Brief: The whole listing is to be given again without alteration, except that its pictures are dropped.

══ Records shown ══

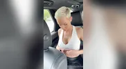 A stunning model changes clothes in the car and shows her body
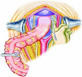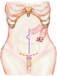 Se practica o incizie mediana suprapubiana prelungita putin supraombilical. Dupa protejarea peretelui prin campuri se monteaza un departator autostatic.
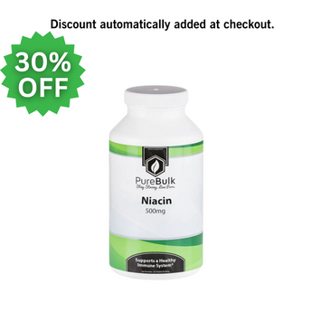 PureBulk offers two forms of Vitamin B3 supplements: niacin and niacinamide. The chemical difference between the two forms is that niacinamide has an amide group attached to the basic niacin form. Both compounds can convert into the coenzymes NAD+, NADP+, NADH, and NADPH, playing key roles in energy metabolism and anabolism.
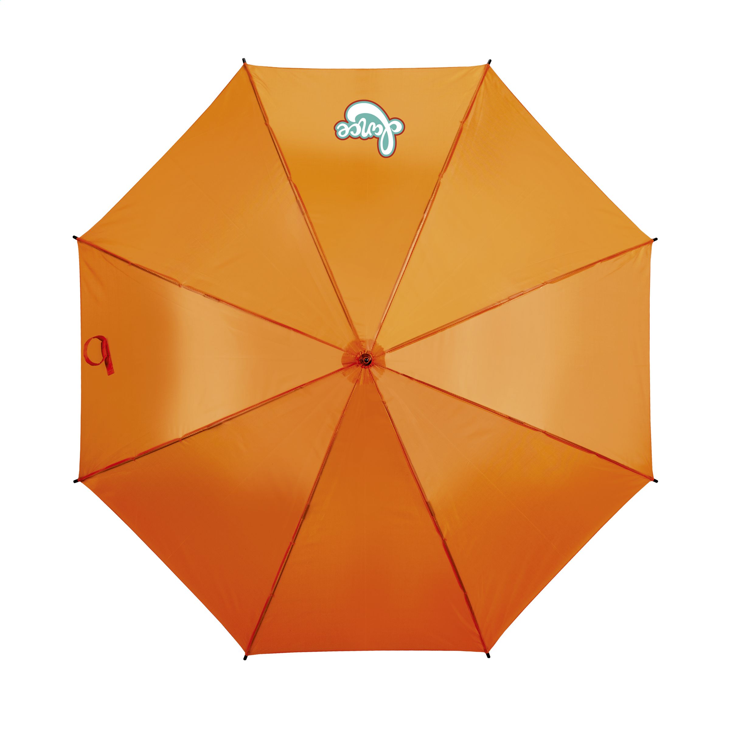 Umbrella with automatic telescopic opening. 190T polyester canopy, fibreglass frame, metal stem, velcro closure and classic curved handle.
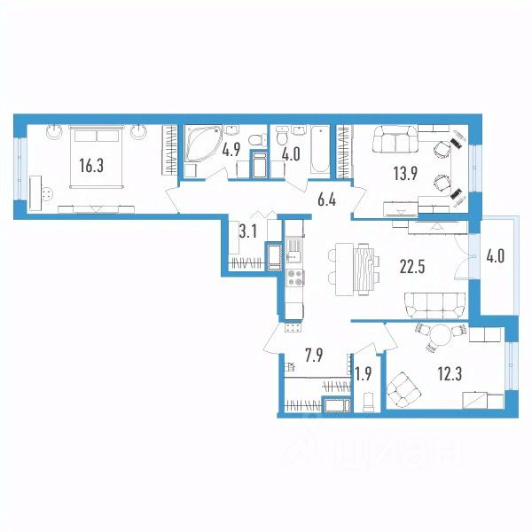 Продаётся 3-комнатная квартира в сданном доме (Головнина, 3к1), срок сдачи: II-кв. 2023, общей площадью 95.2 кв.м., на 9 этаже.
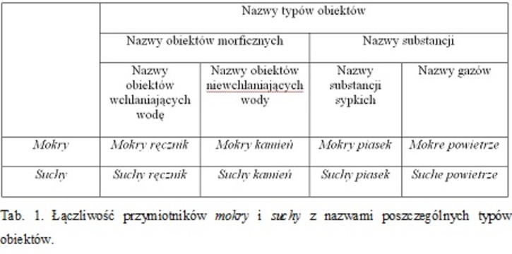 Łączliwość przymiotników mokry i suchy
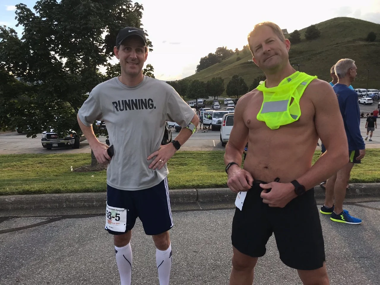 Two male runners at a park during sunset, one in a gray shirt with 'RUNNING.' printed on it, and the other shirtless with a yellow vest around his neck.

═══

Worked solution:
 A stunning model changes clothes in the car and shows her body
 Se practica o incizie mediana suprapubiana prelungita putin supraombilical. Dupa protejarea peretelui prin campuri se monteaza un departator autostatic.
 PureBulk offers two forms of Vitamin B3 supplements: niacin and niacinamide. The chemical difference between the two forms is that niacinamide has an amide group attached to the basic niacin form. Both compounds can convert into the coenzymes NAD+, NADP+, NADH, and NADPH, playing key roles in energy metabolism and anabolism.
 Umbrella with automatic telescopic opening. 190T polyester canopy, fibreglass frame, metal stem, velcro closure and classic curved handle.
 Продаётся 3-комнатная квартира в сданном доме (Головнина, 3к1), срок сдачи: II-кв. 2023, общей площадью 95.2 кв.м., на 9 этаже.
 Łączliwość przymiotników mokry i suchy
 Two male runners at a park during sunset, one in a gray shirt with 'RUNNING.' printed on it, and the other shirtless with a yellow vest around his neck.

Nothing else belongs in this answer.